══ LISTED RECORDS ══
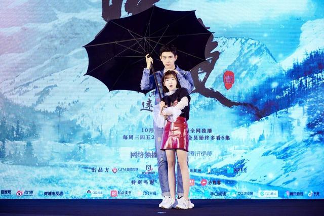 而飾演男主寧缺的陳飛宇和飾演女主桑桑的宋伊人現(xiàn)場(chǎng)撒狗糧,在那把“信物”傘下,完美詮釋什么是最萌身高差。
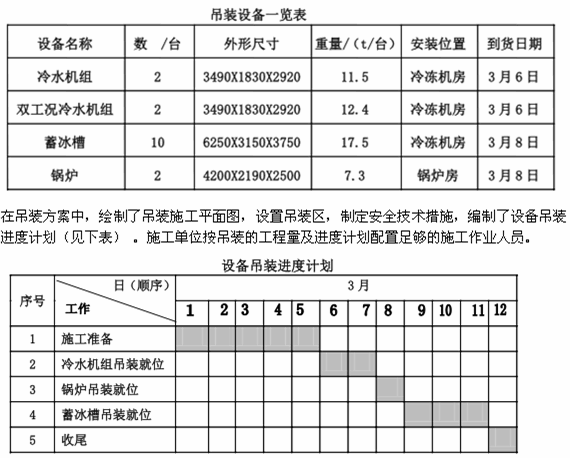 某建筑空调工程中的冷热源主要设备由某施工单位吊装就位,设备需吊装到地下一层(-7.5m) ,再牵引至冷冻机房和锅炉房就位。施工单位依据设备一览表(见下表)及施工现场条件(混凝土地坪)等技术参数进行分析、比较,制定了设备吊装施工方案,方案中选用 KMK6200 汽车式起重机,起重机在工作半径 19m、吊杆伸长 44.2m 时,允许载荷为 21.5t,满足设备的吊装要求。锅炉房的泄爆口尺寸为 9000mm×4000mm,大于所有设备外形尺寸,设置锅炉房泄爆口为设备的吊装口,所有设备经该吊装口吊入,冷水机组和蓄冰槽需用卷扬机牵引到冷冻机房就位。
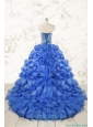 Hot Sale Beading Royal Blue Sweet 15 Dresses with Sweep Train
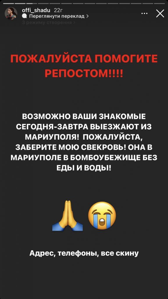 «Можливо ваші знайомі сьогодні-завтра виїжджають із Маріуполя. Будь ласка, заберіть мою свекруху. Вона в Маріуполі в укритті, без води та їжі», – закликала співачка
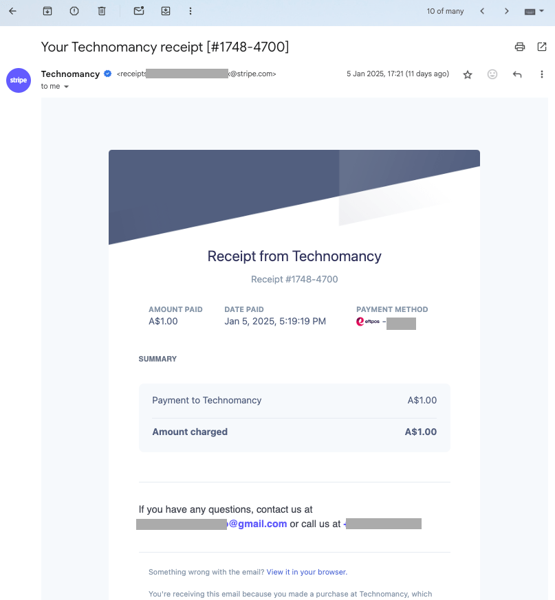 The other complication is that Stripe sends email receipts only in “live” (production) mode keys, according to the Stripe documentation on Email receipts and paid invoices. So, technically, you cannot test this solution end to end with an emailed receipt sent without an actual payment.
═══
══ LISTED RECORDS ══
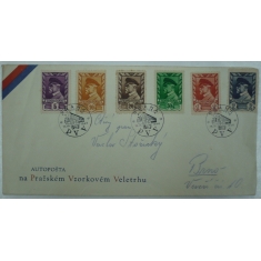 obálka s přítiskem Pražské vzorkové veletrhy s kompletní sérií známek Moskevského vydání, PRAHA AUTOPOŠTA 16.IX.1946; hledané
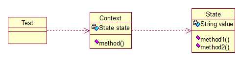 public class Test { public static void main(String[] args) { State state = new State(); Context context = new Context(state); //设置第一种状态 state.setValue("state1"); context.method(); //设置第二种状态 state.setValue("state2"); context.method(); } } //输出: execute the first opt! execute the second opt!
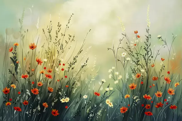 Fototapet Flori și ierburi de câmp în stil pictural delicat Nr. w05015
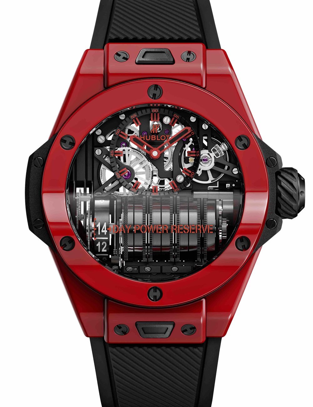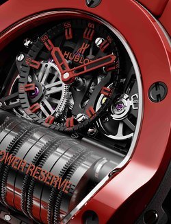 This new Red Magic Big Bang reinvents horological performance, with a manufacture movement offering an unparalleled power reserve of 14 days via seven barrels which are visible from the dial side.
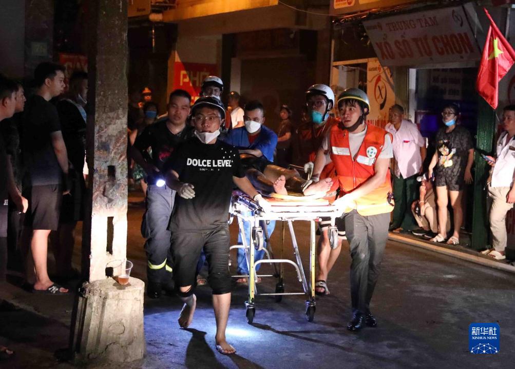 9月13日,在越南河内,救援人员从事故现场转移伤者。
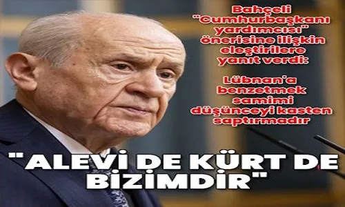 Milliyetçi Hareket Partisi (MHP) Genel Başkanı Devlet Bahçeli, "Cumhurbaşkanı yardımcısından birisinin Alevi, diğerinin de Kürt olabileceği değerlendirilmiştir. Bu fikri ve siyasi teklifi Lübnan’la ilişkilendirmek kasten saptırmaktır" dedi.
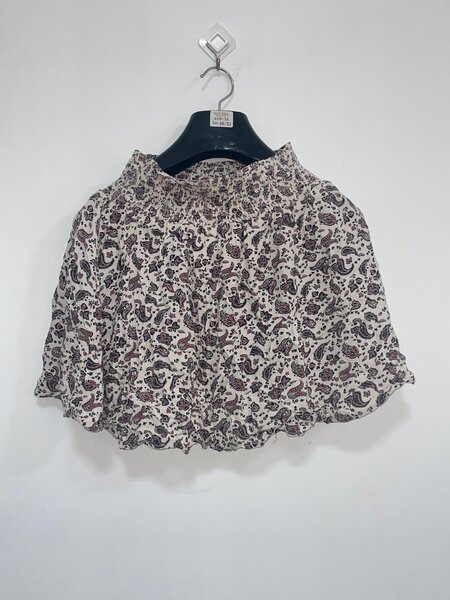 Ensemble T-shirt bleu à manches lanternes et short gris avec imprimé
═══
Above are the records; copy exactly the lines from the one with "而飾演男主寧缺的陳飛宇和飾演" through the one with "ваші знайомі сьогодні-завтра", including both, and nothing more. Leave out pictures.

ANSWER TO THIS PROBLEM
 而飾演男主寧缺的陳飛宇和飾演女主桑桑的宋伊人現(xiàn)場(chǎng)撒狗糧,在那把“信物”傘下,完美詮釋什么是最萌身高差。
 某建筑空调工程中的冷热源主要设备由某施工单位吊装就位,设备需吊装到地下一层(-7.5m) ,再牵引至冷冻机房和锅炉房就位。施工单位依据设备一览表(见下表)及施工现场条件(混凝土地坪)等技术参数进行分析、比较,制定了设备吊装施工方案,方案中选用 KMK6200 汽车式起重机,起重机在工作半径 19m、吊杆伸长 44.2m 时,允许载荷为 21.5t,满足设备的吊装要求。锅炉房的泄爆口尺寸为 9000mm×4000mm,大于所有设备外形尺寸,设置锅炉房泄爆口为设备的吊装口,所有设备经该吊装口吊入,冷水机组和蓄冰槽需用卷扬机牵引到冷冻机房就位。
 Hot Sale Beading Royal Blue Sweet 15 Dresses with Sweep Train
 «Можливо ваші знайомі сьогодні-завтра виїжджають із Маріуполя. Будь ласка, заберіть мою свекруху. Вона в Маріуполі в укритті, без води та їжі», – закликала співачка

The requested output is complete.